Today's New York Times article about the push for another repatriation tax holiday shows how ill-functioning our political system is. Tax holidays work best if they are credibly "once and once only" offers. The last tax holiday was only 6 years ago, and we are already potentially doing it again?
As the article mentions, the predominant academic consensus from last time around is that it mainly led to dividends and share buybacks, not extra jobs et al. Money is fungible. And while in principle even the shareholder payouts might be considered stimulative, one would not expect the recipients to have a very high marginal propensity to consume.

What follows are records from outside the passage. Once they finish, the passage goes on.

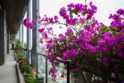 這棟“三角梅大樓”一共有32層(躍層),兩個單元,每層8戶,一共240戶人家。三角梅種植在每一層的公共空間長廊上,每家每戶前都有三角梅種植點。久而久之,每家每戶也在三角梅的基礎上,按照個人愛好興趣種植了更多的綠植、瓜果、蔬菜等,成為小區(qū)一景。
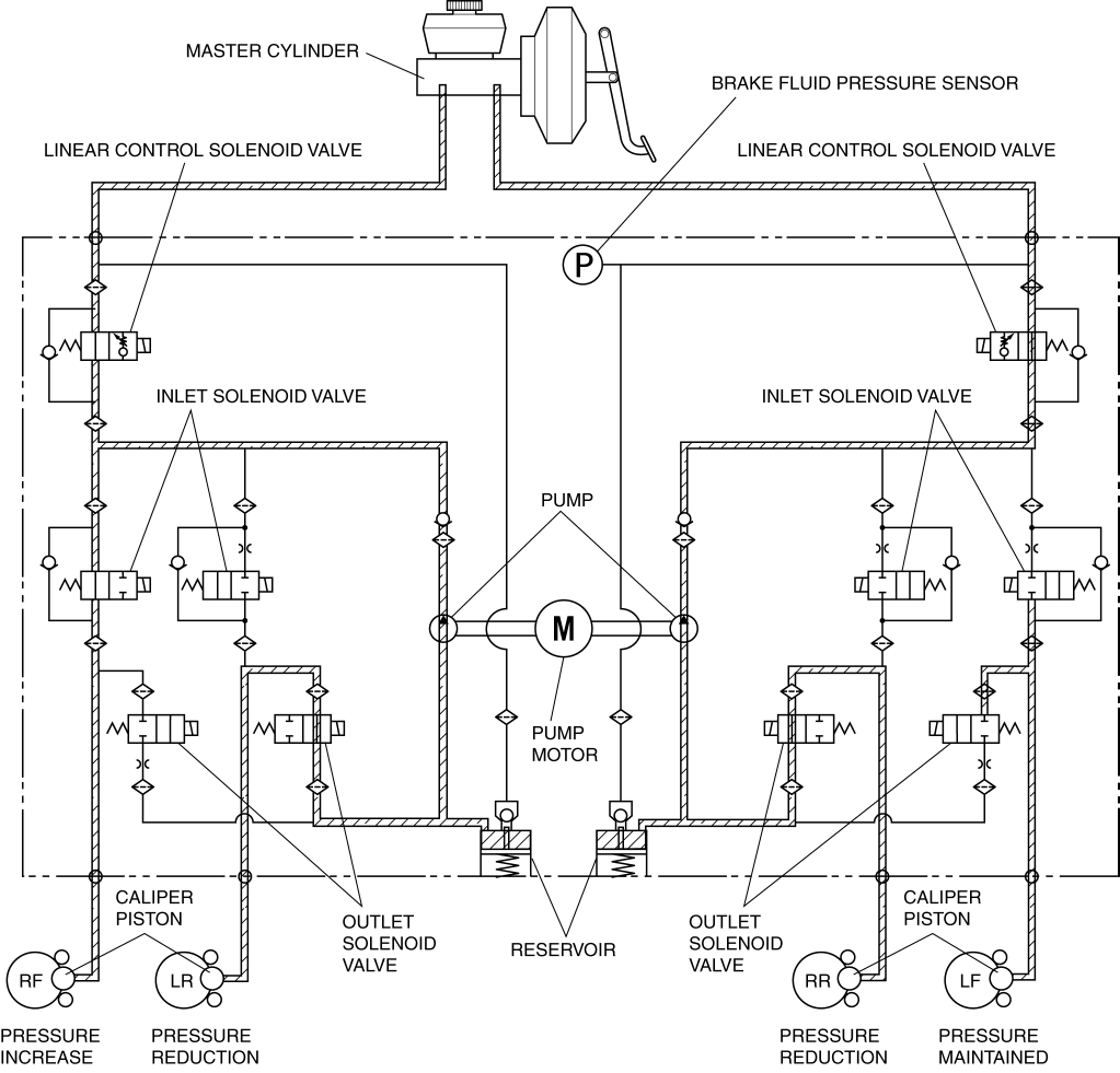 • Controls brake fluid pressure when braking to maintain directional stability, ensure steerability, and reduce stopping distance.
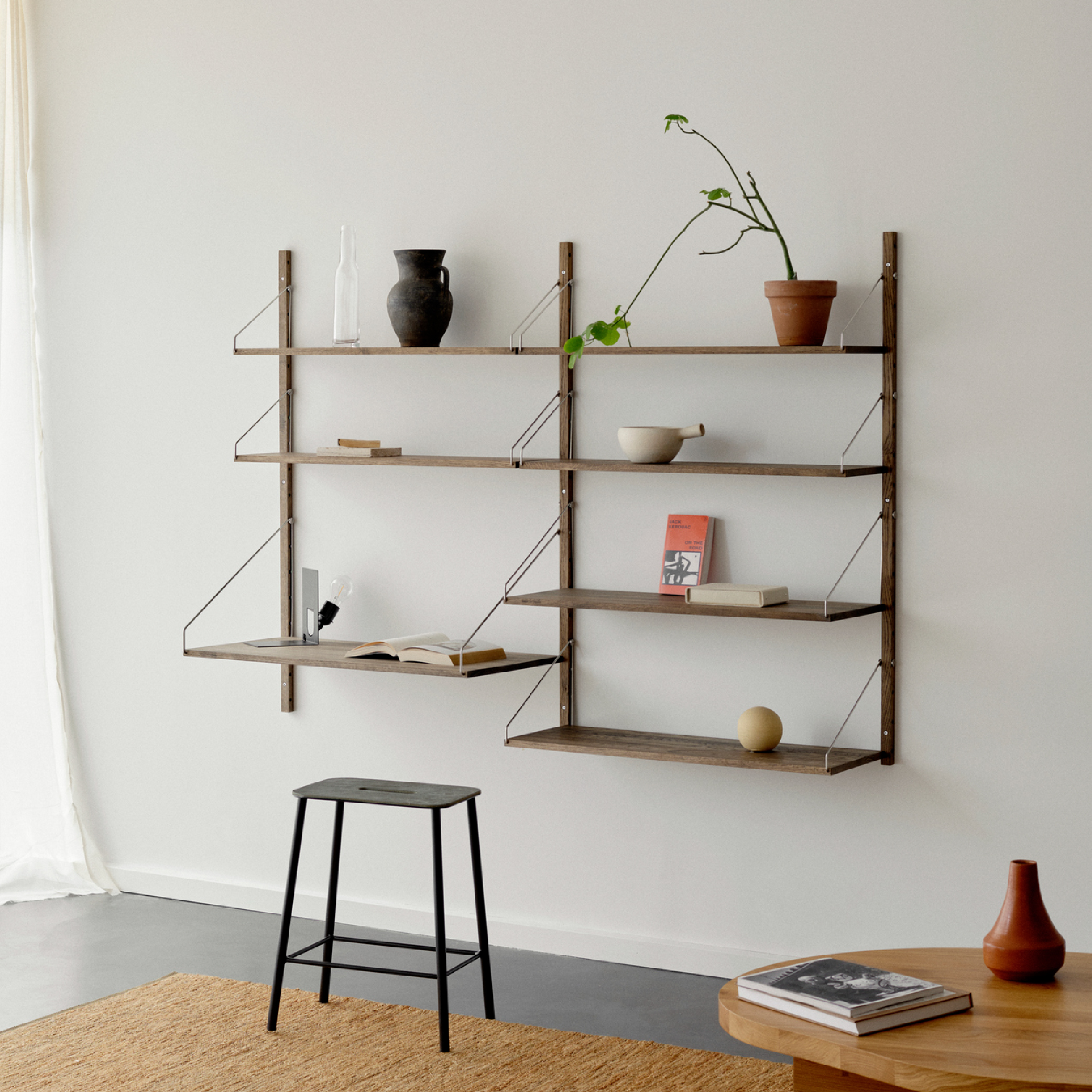 甚至還有為小空間量身打造的壁掛式書桌,強調多功能設計,作為展示或收納層架也可以,創造獨一無二的視覺層次,到哪都能輕鬆打造專屬的小型辦公天地。

Another banana republic aspect to this is the emphasis being placed on the point that the taxes raised by the dividend tax holiday would lower the budget deficit. Yes, but in expected present value terms they would increase the long-term U.S. fiscal gap, as to a considerable degree companies would simply take a small hit today (including a potential accounting hit for supposedly "permanently reinvested foreign earnings") on the view that it was cheaper than paying the full tax in the future.

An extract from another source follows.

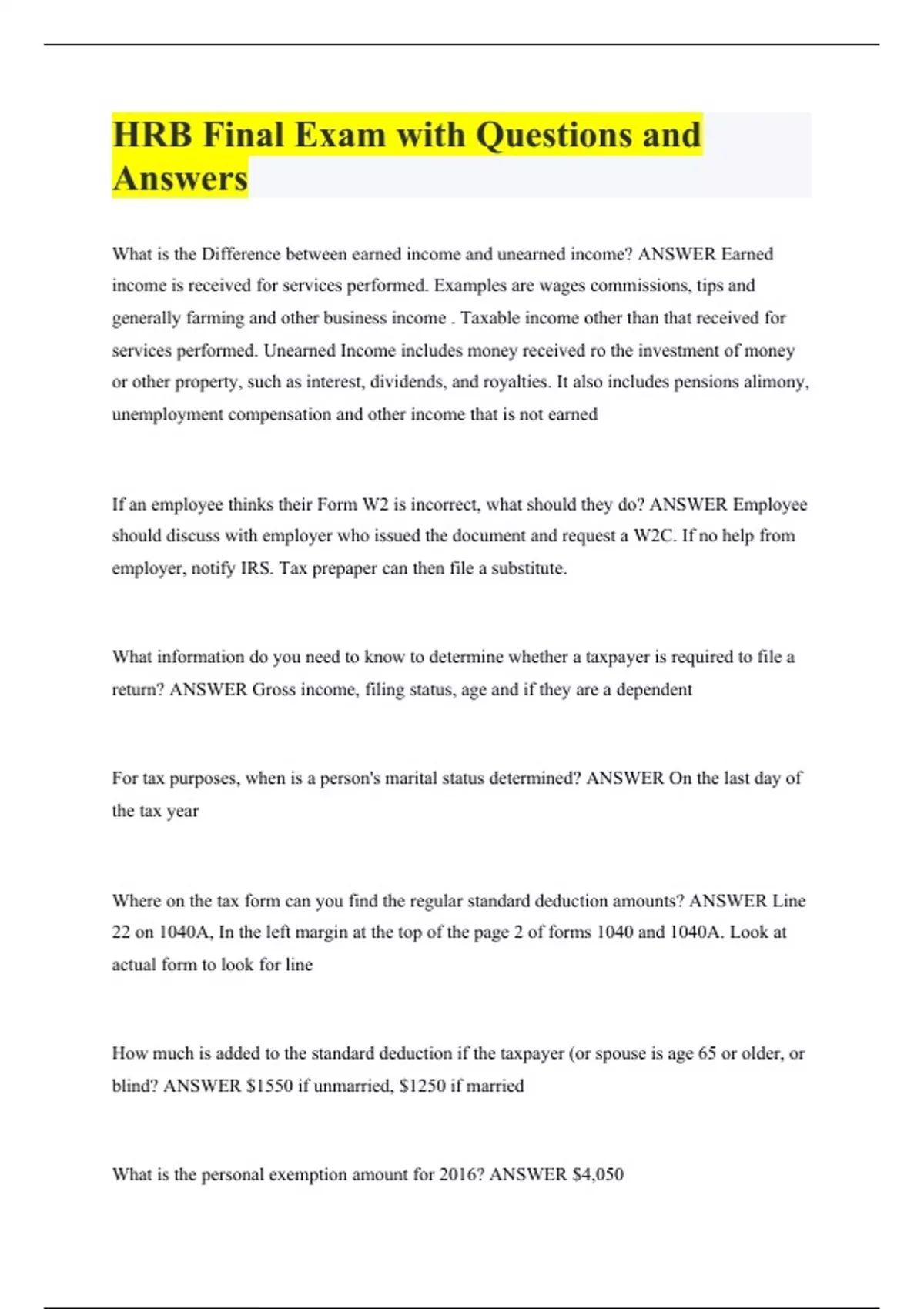 HRB Final Exam with Questions and Answers What is the Difference between earned income and unearned income? ANSWER Earned income is received for services performed. Examples are wages commissions, tips and generally farming and other business income . Taxable income other than that received for services performed. Unearned Income includes money received ro the investment of money or other property, such as interest, dividends, and royalties. It also includes pensions alimony, unemployment compensation and other income that is not earned If an employee thinks their Form W2 is incorrect, what should they do? ANSWER Employee should discuss with employer who issued the document and request a W2C. If no help from employer, notify IRS. Tax prepaper can then file a substitute. What information do you need to know to determine whether a taxpayer is required to file a return? ANSWER Gross income, filing status, age and if they are a dependent For tax purposes, when is a person's marital status determined? ANSWER On the last day of the tax year Where on the tax form can you find the regular standard deduction amounts? ANSWER Line 22 on 1040A, In the left margin at the top of the page 2 of forms 1040 and 1040A. Look at actual form to look for line How much is added to the standard deduction if the taxpayer (or spouse is age 65 or older, or blind? ANSWER $1550 if unmarried, $1250 if married What is the personal exemption amount for 2016? ANSWER $4,050

For this reason, enacting the dividend tax holiday as a way of lowering the current year budget deficit is like improving your current cash flow by going to the local pawnbroker who charges 20% a month, or like a farmer selling the seed corn to raise extra funds. From a budgetary standpoint it is childish, shortsighted, and irresponsible.

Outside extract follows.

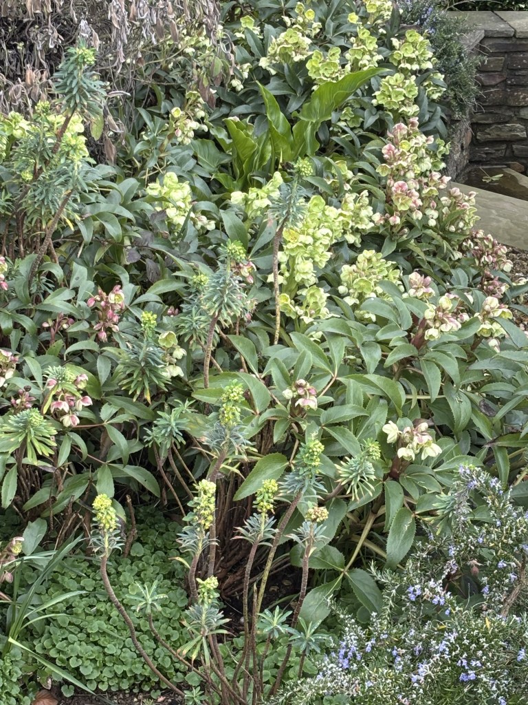 Elsewhere, the tough leathery hellebores are muscling their way through and showing the pretenders whose boss while a red camelia has popped out of the shrubbery in the upper tier looking for some light.
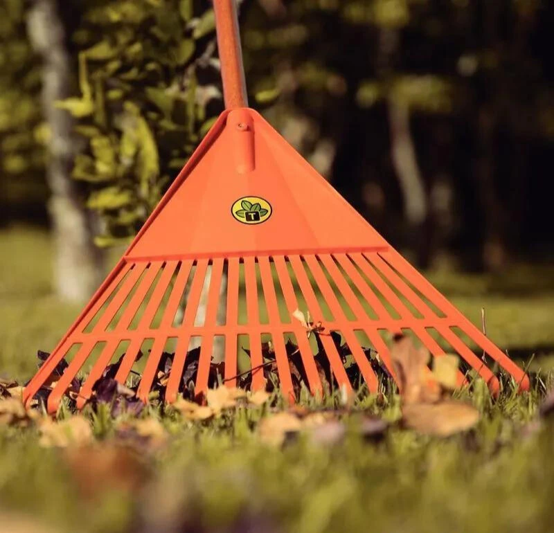 Vassoura plástica laranja Tramontina, com 18 dentes e cabo de madeira de 120 cm. Ideal para manter o gramado limpo e bem cuidado, alcançando até os cantinhos mais difíceis.

Compare to all this the idea that we might shift to an exemption system for U.S. companies' foreign source active business income, but accompanied by (a) greatly improving the source rules so that they apply to all multinationals (taking account of all their affiliates around the world) on a unitary, residence-neutral basis and (b) enacting a one-time transition tax for U.S. companies' pre-effective date unrepatriated foreign source income, with payment of this tax perhaps to be deferrable but effectively with interest. A well-functioning political system would be considering changes like that instead of replicating the behavior pattern of an impatient toddler.